I think this is at least part of what caught me heart in St. Francis: he left the world where identity was based on prestige and money and security, went to the lepers, and allowed an alternative society to form around him, based on "downward mobility," the community of "lesser brothers," or friars minor.

I'm not saying I'm right, but that my imagination about re-forming the world seems to come from a different place. But is this out of date? Am I wrong? I'm honestly not sure about this.

8 comments:

Anonymous said...

While I may not share your conversion experience, I think your conclusions are correct. The Church has always taught that the way we change the world, is by changing ourselves-i.e., becoming more like Christ (I believe that this was the insight of St. Francis and most of our saints). We then hopefully inspire others who are our political representatives to change the law in light of our common morality or teaching. There is a reason that the Church prohibits religious and priests from holding political offices! All of the baptized are called to holiness. Of course assisting the poor is part of that call. Advocating for socialist legislation is not.

Brother Charles said...

Thank you for your thoughts, brother anonymous!

Jeff said...

That's an interesting question to ponder. I love Dorothy Day and Peter Maurin, but I often wonder if their agrarian-ideal view of the world was too idealistic and unrealistic. This is the ideal under which Eamon De Valera and the bishops ran Ireland for many years, and there has been quite a backlash against it.
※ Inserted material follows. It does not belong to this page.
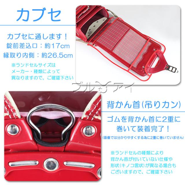 - 少し長さが足りませんでしたがセイバンのランドセルに使用できます、ゴム部分に紐を結んで調節しました。クリアです

I admit I've never really thought of the punk rock, anarchistic take on it. A Henry Rollins view of the world, if you will... :-) I'll have to think about that. I think individual conversion and action is essential before we challenge society to be better, but we need to get there eventually. If we look at our OT heritage, there was great emphasis on what the larger community was responsible for as a community - jubilee years, forgiveness and cancellation of debts, release of captives, concern for widows and orphans, etc... so I do think it is legitimate for the Church to encourage and challenge a state commitment towards charity and to social justice.

myosotis said...

Well said Jeff. The poor are hungry now, and the church has always been THE authority on the promotion of morality. Promiscuous sexuality, war and abortion are not the only immoral things going on in the world. There is nothing more immoral than poverty,all forms of poverty that is (not that the poor are immoral, but our indifference, stemming from the economic mechanisms of our consumer society ARE), and not only should the Church promote a change in this sad state of affairs through every means it has available, it does well to be in the front line in actively doing something about it.

Brother Charles said...

Thanks friends, for taking the time with such thoughtful comments...as I said, I'm not pushing a line here, just explaining how I'm trying to reflect on unexamined assumptions I have brought with me into this life.

Oh, and Jeff, I once saw Rollins in a small place in CT, and he is quite a presence.

Jeff said...

I once saw Rollins in a small place in CT, and he is quite a presence.

You don't say? No Kidding? Was that in his Rollins Band phase, or are you going back to his Black Flag days?

I was getting the IFC channel at home for a while, and Rollins had a talk show on Saturday nights I used to catch now and then. Henry is an interesting, multi-faceted guy. Sort of a Renaissance Man.

Brother Charles said...

Well, let's see, I think it was in fall of 1990, so that would make it the earlier Rollins Band phase.

He was always kind of a mysterious folk-hero for us when we were young...just a DC punk who more or less accidentally became somebody through Greg Ginn and Black Flag, seemingly very disciplined, a writer, apparently celibate...

My favorite Rollins piece that I haven't heard in a long time is his spoken-word "commentary on Iron Man," a hilarious exegesis of the Black Sabbath song.

Jeff said...

Exegesis on Ozzie's Iron man? Fascinating... I'll have to check out a bit of that. I have to say, it does sounds weird when I hear Henry doing a commercial voice-over now and then.

I thought "Liar" was a masterpiece is a strange sort of way.